The first step is to find the solutions to the corresponding homogeneous equation. Then, a formula is used to find the particular solution by integrating a product of the solutions and the non-homogeneous function.

4. What are the advantages of using the "Variation of Parameters" method?

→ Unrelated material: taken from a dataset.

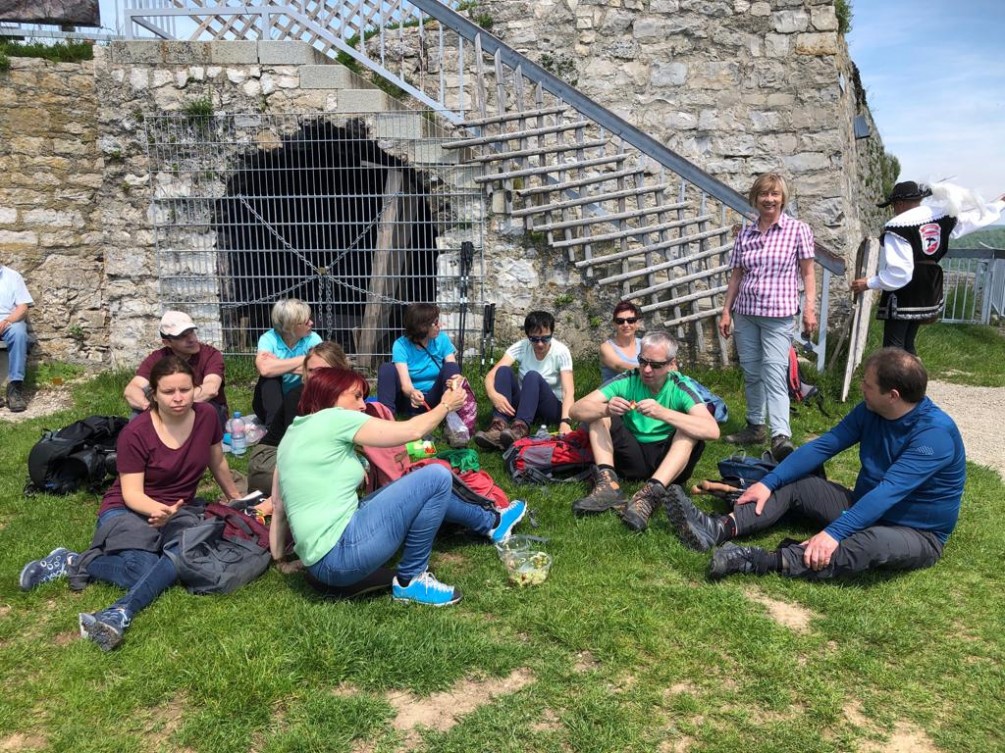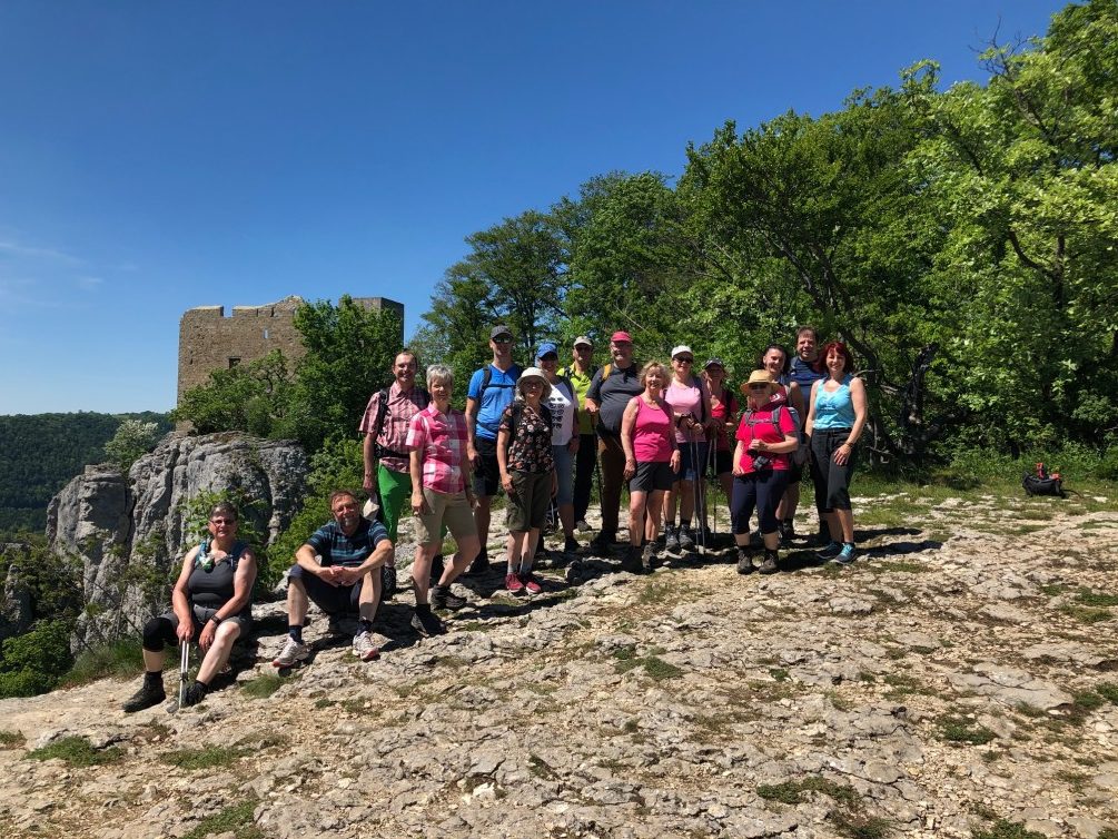 Gestärkt und beindruckt von den herrlichen Tropfsteinen ging es weiter über das Bahnhöfle zur Burgruine Reußenstein. Dort erzählte die Wanderführerin Kerstin Weber die Sage um den Riesen „Heim“ von „Heimenstein“.

One advantage is that it can be used for a wide range of differential equations, including those with non-constant coefficients. It also does not require any initial conditions to be known.

5. Are there any limitations to the "Variation of Parameters" method?

One limitation is that it can be more complex and time-consuming compared to other methods. It also may not always be applicable to higher-order differential equations or systems of differential equations.